凡成年宗親,都被發配封地,新帝成年前,不允回京。
京城的天還是那片天,只是失去了不少對崔云初而言很重要的人。
小家伙日日早出晚歸,帶著奶娘,跟著上下朝,崔云初看著就覺得心疼。
御書房,崔云初大著肚子,還非要抱著蕭稷,“你說,等她長大了怎么辦?”
如今是抱在懷里,來日等滿地跑的時候,若是被哪個大臣發現皇帝是個女娃,可怎么得了。
紙總歸有包不住火的那天。
頂著一腦袋白發正批閱奏折的崔清遠聞言,抬眸看了眼崔云初的肚子,“大臣們并不曾見過稷兒的容貌,差個兩三個月,發現不了。”
崔云初立時捂住自己肚子,瞪老東西,“你怎么不自己生一個去受罪啊,早出晚歸的,聽你們一群糟老頭子叨叨叨叨,我兒子才不去呢。”
崔云初此時恨不能,自己懷的也是個女娃,可惜,太醫把了脈,說是個胖小子。
崔清遠道,“等皇上長大成人,有了子嗣,就不用再繼續委屈他了。”
崔云初就差指著崔清遠鼻子罵。
就崔云鳳是她閨女,自己是撿來的,她夫君扶持她女兒,她兒子還要被當成她女兒的替代棋子。
還要等她女兒生了兒子,什么時候是個頭啊,
“想都別想,有本事你自己生。”
“如今崔相可厲害著呢,怕是京城十**歲的妙齡少女都爭著搶著想要嫁給您呢。”
崔清遠一聽她如此說,就想起了之前那個公主。
有了沈暇白撐腰,她愈發肆無忌憚,以免節外生枝,崔清遠選擇了沉默。
沈暇白在一旁笑著看著她鬧,也不言語,直到崔云初舊事重提,“你們兩個,什么時候封我個異姓王當當?”
二人不約而同的同時低頭背過身,不語。
“我跟你說話呢,你聽見沒有?”崔云初用力拽沈暇白耳朵。
“阿初已經是攝政王妃了。”
“我不要當王妃,我要當異姓王!!”
“當心肚子里的孩子。”
崔云初死纏爛打,崔清遠冷著一張臉,她一過去就讓她“滾。”
崔云初也不待見他,就纏著沈暇白。
“不就是你一句話,蓋個印的事嗎,你就從了我吧。”
沈暇白,“下一步,你是不是還要封我做王妃。”
崔云初立即點頭,“那定然,你一定是正妃。”
“側妃誰,周大人?”沈暇白不喜不怒,聲音卻陰惻惻的。
那周大人有幾分才華,崔云初這兩日沒少與他在御書房碰面,回頭看人家。
崔清遠倏然開口,“你們說話,能不能別牽連無辜?”
若是可以,他想搬著桌椅換個地方,兩人能相互吸引,一定有相同的毛病。
崔云初日日念叨,也沒等來沈暇白點頭,倒是真給她娘要了一個誥命。
其實吧,她娘真不配這個誥命,但以防萬一,下回再求她,還是給點甜頭吧。
崔云初點名要求,這道圣旨由崔清遠來寫。
崔清遠黑著臉不動,崔云初手掐腰,“我夫君才是老大,我勸你最好認清現實,趕緊給我寫。”
“……”
逆女!!!!
最終,崔清遠如了崔云初所愿,不是怕了她,而是嫌煩。
崔云初隨手丟給幸兒,讓晚上燒給她姨娘。
她則抱著蕭稷,用她的小指印,簽下了一則文書,待她長發,冊封崔云初為異姓王,償還養育之情。

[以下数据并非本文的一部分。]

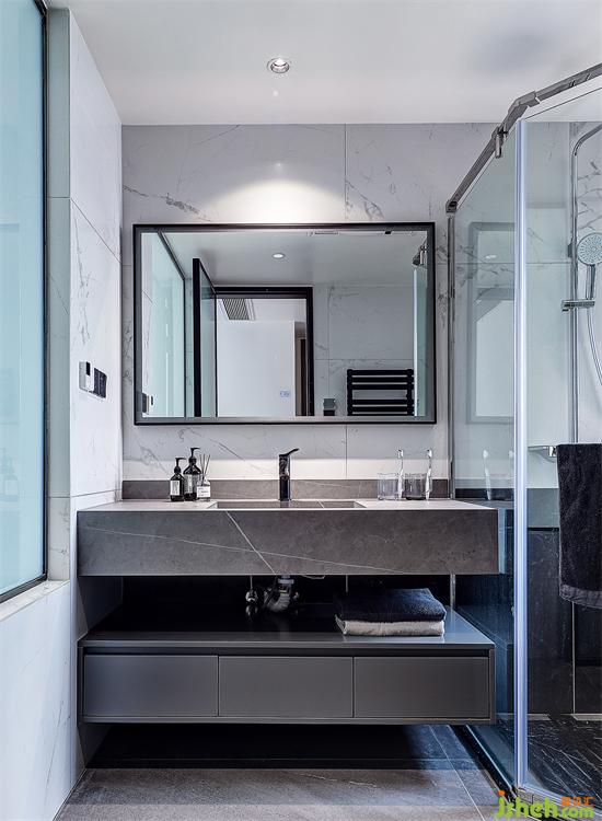 主卫与主卧连接处是整面电动雾化玻璃,可一键切换通透或私密。家装设计深色系地砖搭配浅色石材墙面和灰色悬空卫浴柜,空间层次更加丰富,兼顾颜值与实用。

崔云初鄭重其事的收好,對著蕭稷小鼻子指指點點,“堂堂一國之君,一言既出,駟馬難追。”
“呀呀呀。”蕭稷哼哼唧唧了幾聲,哭了起來。
崔云初眼一瞪,“你敢反悔?”
幸兒在一旁小聲說,“王妃,等皇上再大些,您就不能這樣了,她會跟二姑娘告狀的。”
提及崔云鳳,崔云初笑容垮了幾分。
崔云鳳生產時雖僥幸活了下來,卻傷了身子,孱弱的很,她自己也不愿意繼續留在京城。
如今養在百里之外的一處小鎮上,每三個月,崔云初會帶蕭稷去看看她,只是到底沒有貼心人在身旁照顧,讓人很不放心。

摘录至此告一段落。